■ DATA RECORDS

******

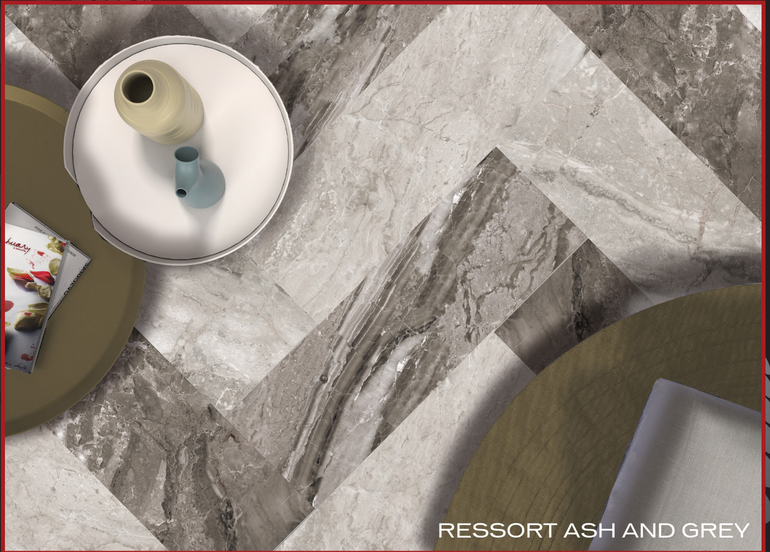
RESSORT ASH AND GREY
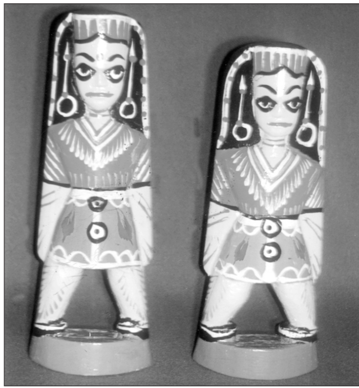
Sonargaon village doll, hewn from a single piece of wood

marketing for general genre of handicrafts. As time is passing and we're realising that the commercialisation of our products is going from bad to worse so that, it is overpowering our original purity of design. For this reason this project has been undertaken and in this we have presented a large range of authentic rural crafts."
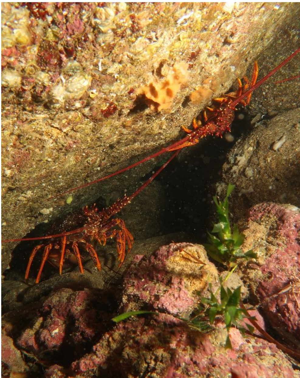
Southern Rock lobster (Jasus edwardsii) is a common recreational fishing species in this cell.

The reef ecosystem baseline study (Brook et al. 2020) and current study by Brock et al. (2023) assessing the trends in the condition of rocky reef ecosystems of the greater Adelaide and Fleurieu Peninsula region found that the overall status of rocky reefs was stable or improving, based on several key indicators of condition (e.g., fish and macroinvertebrate species richness, community structure, large fish biomass, macroalgae percentage cover, and reef thermal index). Results from the Encounter subregion (cells F7-F12) indicate that macroinvertebrate and fish species richness, large fish biomass and the percentage cover of canopy-forming algae has remained stable or is increasing at these sites (Brock et al. 2023). Marine species in the Encounter subregion include 52 bony fish, three shark and ray, 41 species of marine invertebrate, and seven species of crustacean (Brock et al. 2023, Edgar and Barrett (2012), Edgar and Stuart-Smith (2014), Edgar et al. (2020)).
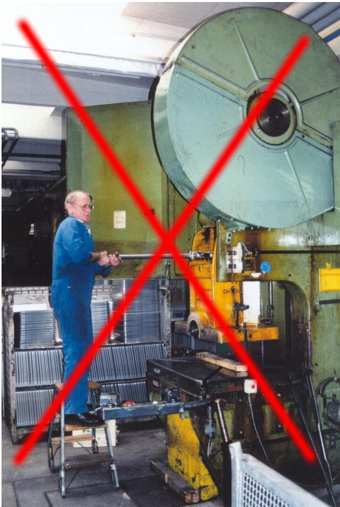
Below: Spares the personnel from adverse working postures and makes setting of dies an uncomplicated task for all operators. Adjusting time 80 mm / min. Accuracy: not less than 1/10 mm.

Prevents too tight/deep set dies, thus sparing the dies and presses from unnecessary wear.
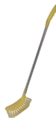
STEEL KLEENO T/BRUSH
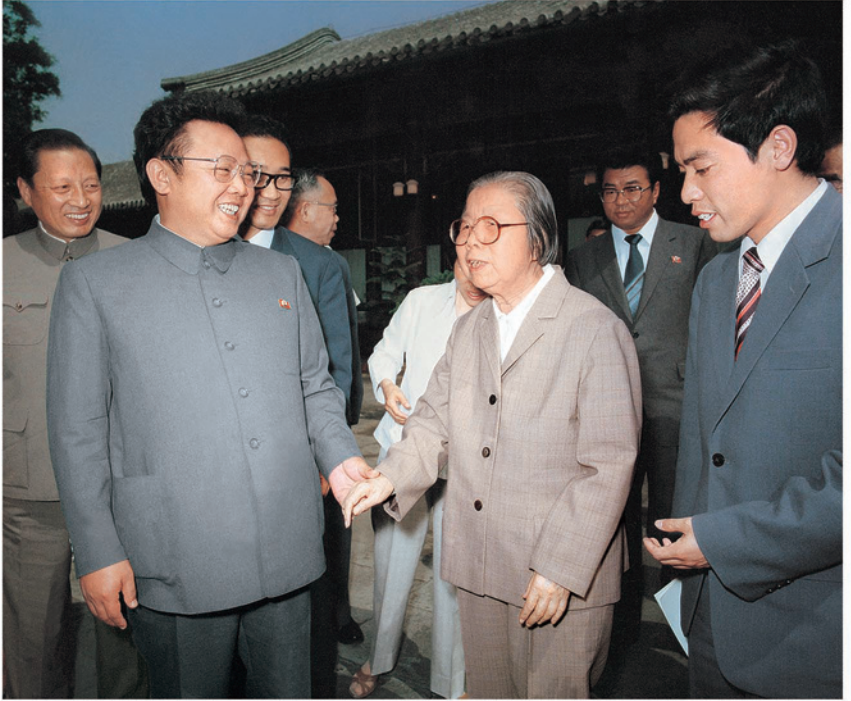
Kim Jong Il shakes hands with Deng Yingchao, chair of the National Committee of the Chinese People's Political Consultative Conference (June 1983)
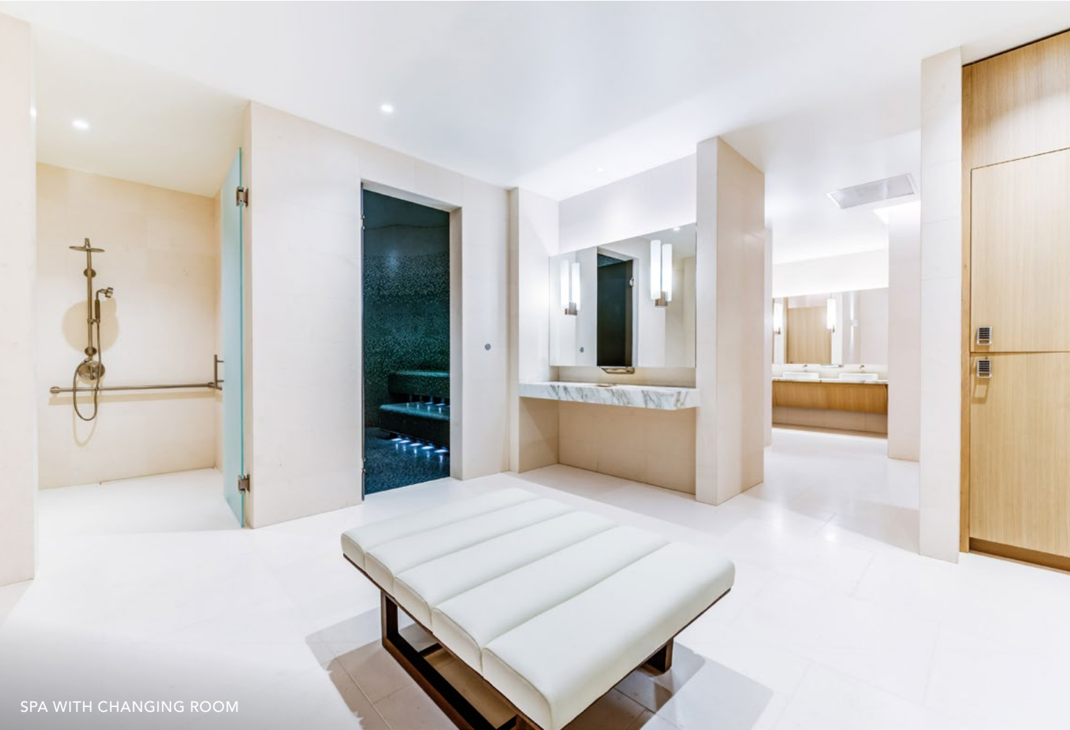
SPA WITH CHANGING ROOM
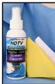
Photodon Ultra Screen Cleaning Kit #4501

******

Each line from the first line of the listing through the line with "Southern Rock lobster" must be printed exactly, both ends included, and no picture may appear.

RESSORT ASH AND GREY
Sonargaon village doll, hewn from a single piece of wood

marketing for general genre of handicrafts. As time is passing and we're realising that the commercialisation of our products is going from bad to worse so that, it is overpowering our original purity of design. For this reason this project has been undertaken and in this we have presented a large range of authentic rural crafts."
Southern Rock lobster (Jasus edwardsii) is a common recreational fishing species in this cell.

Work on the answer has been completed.